I just have to hold it up to my face and let the pages flip through my hands for that fresh, hot-off-the-press aroma, and suddenly nothing seems so bad. For weeks after I'd be too afraid to let so much as a scratch mar the surface. No bent corners, no fraying edges, pages perfectly flat against each other, and a completely straight spine. I'd treat that new book like some kind of antique, like if I handled it too roughly it would fall apart in my hands.

I'd wince at the first inevitable crease down the spine; mourn the first watery brown drop of a coffee stain on the pristine surface. And the rule was no hardcover books ever, I hated those dust jackets and how easily and quickly they got torn and bent out of shape, destroying the whole beauty of the cover page until you were forced to take it off and be left with a bland solid casing.

Books weren't just something to be read and tossed aside; they made up a work of art on a bookshelf, a window into the life of a stranger, a friend who was always there for you. Some people might call it weird, crazy, obsessive… but I called it comfort.

While I was reading I could be anywhere and anyone. While reading I always got the guy, saved the day, or beat all the odds. I'd cringe at the dramatic irony that foiled the characters I held so dear, and barely held back the tears when things didn’t go just right. I’d rage and fume at the arrogant jerk who always made things worse and then turn around and love him just as much as the character I always pretended to be.

And those little moments, the ones that never failed to make you sigh into a pillow every time you read them, they felt like they were mine, my own piece of magic locked up in a chest that I could go back to whenever I wanted.
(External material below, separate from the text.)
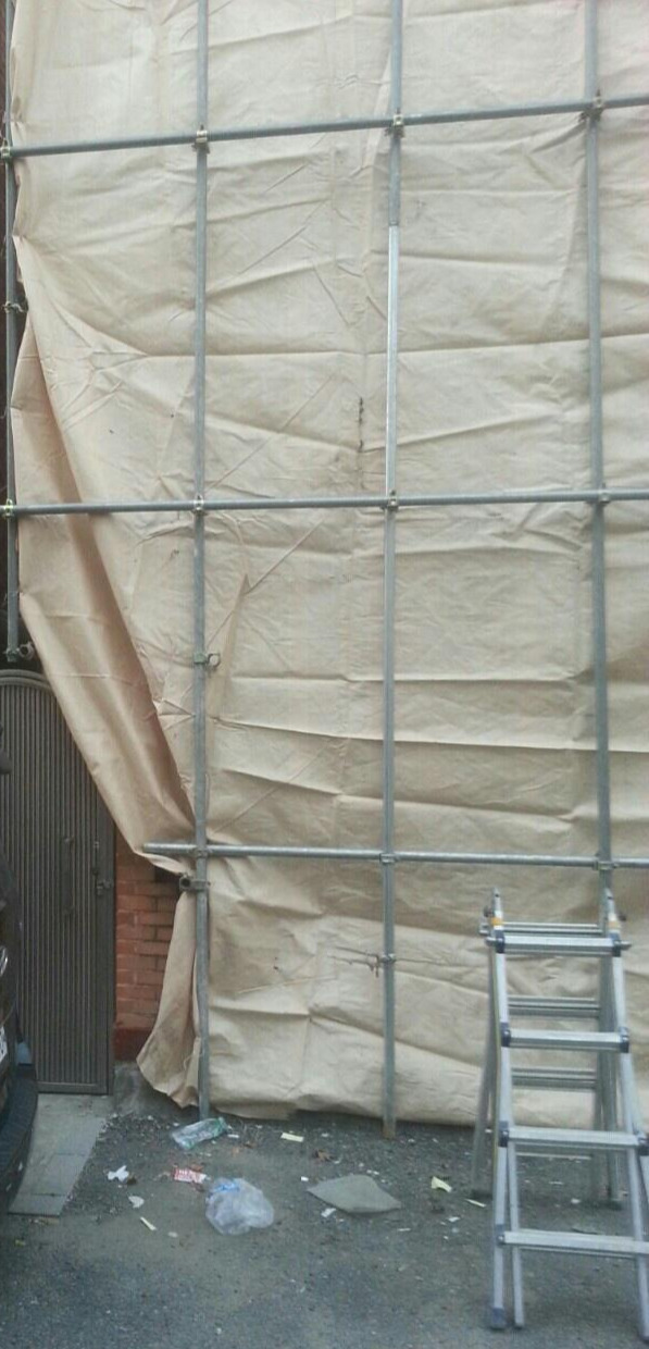 철거 준비 완료. 건축허가 표지판, 철거 등 건축공사 사전 안내 표지판을 설치, 구옥을 빙 둘러 비계 설치
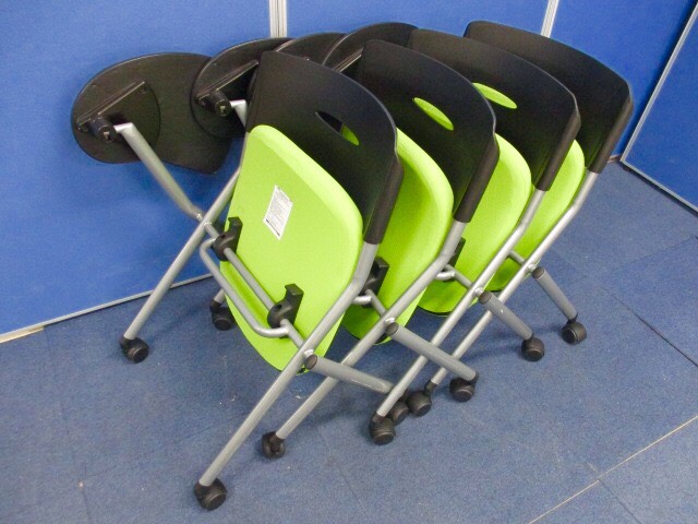 【4脚セットのため特別価格!!】サンワサプライ製 ネスティングチェア ■会議や研修の際にメモを取るのに便利なテーブル付き!!- 足立・葛飾店

Sometimes the 'me' I pretended to be felt more real than my actual life.

With great reluctance I gently closed the book held so reverently in front of me and found it a place of honor on my bookshelf among the other jewel toned and loud graphic covers with their sultry black and shiny metallic titles.

Like turning off the mute button on the TV and having the volume abruptly blare out, the argument downstairs filtered through my hazy state in suddenly sharp focus, and it was obvious my parents had been working up to that pitch for a while. Just like that the magic was gone, like a quivering soap bubble being popped.